Parasitic oscillations for phase shift not equal to -180 degrees

Question

From "Learning the Art of Electronics" by T. Hayes and P. Horowitz, Cambridge University Press (p. 360):

As per above figure, the LF411 op-amp imposes a -90 degree phase shift on output voltage. It is stated that to prevent parasitic oscillations, we must avoid including an RC circuit within the (negative) feedback loop, which induces an additional -90 degree phase shift at large frequencies, bringing the total phase shift to -180 degrees at some large frequency.

However, for a purely sinusoidal signal if the voltage fed back to the inverting input has any phase shift (except 0 degrees), it will violate the op-amp rule that for negative feedback, difference in voltages at the inverting and non-inverting inputs should be zero.

Why the emphasis on avoiding precisely -180 degree phase shift, vis-a-vis parasitic oscillations ?

Answer 1

180° of phase shift is true positive feedback and you get an oscillator. A bit less than 180° means that you see a lot of oscillatory ringing when you try and amplify step edges (such as a square wave) and, if you plotted the closed-loop frequency response you would see a big undesirable peak in the spectrum.

Around 120° of phase shift is about the point where most amplifiers would be acceptable in a lot of circuits but, it's still not ideal. 90° or less is pretty good and acceptable.

Op-amps are far from ideal. Here's a simulation of an op-amp that has a 1 MHz unity gain bandwidth and an open loop gain of 1,000,000. X1 is the diff input followed by an open loop gain of 1 million followed by an RC network that limits the BW to 1 MHz. A unity gain buffer follows it: -

Switch SW1 is open circuit hence, there is no feedback. When SW1 closes (later on), it becomes a 10 MΩ resistor. Notice that the phase shift is getting close to -90° by 100 Hz but, if I close the loop to make ×11 amplifier we see this significantly different result: -

Do you see any problems with this closed-loop amplifier given that the resulting output phase shift remains reasonable close to 0° well past 10 kHz? Here's what the input and output look like when driving a 100 Hz 1 volt p-p square wave: -

Do you see any ringing or overshoot on the output?

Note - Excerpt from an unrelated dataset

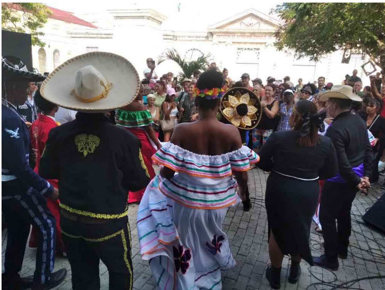
En la matancera Plaza La Vigía, homenaje al Grito de Dolores.

Let's try a 100 kHz square wave: -

No overshoot problems here but, what if I added an extra pole (R3, C2): -

Above 100 kHz, the phase shift is marching towards -180° yet, the overshoot is only somewhat undesirable and, probably liveable-with in many applications. And, as a bonus waveform, here's the closed-loop spectral response for the above: -

And clearly, if you see a peak in the response then, there is bound to be some overshoot but, of course, the open loop response gave us that information.

So, in summary, op-amps with significant open-loop phase shift show very little phase change (input to output) when the loop is closed and, even if we really push things by adding an extra pole around 200 kHz, the overshoot is liveable-with for many applications.

Answer 2

An ideal op-amp with infinite gain has infinitesimal input voltage. That does not mean zero input voltage and that’s a crucial distinction. Infinitesimal periodic signals have finite phase (!). It’s the amplitude that’s infinitesimal, and that’s neither zero nor finite by the way.

So there’s no problem in analysis of ideal circuits as long as such analysis uses appropriate mathematical tools. The “op amp input voltage is zero ideally” in closed feedback is a simplification that has too many misleading implications. Your question is a case in point.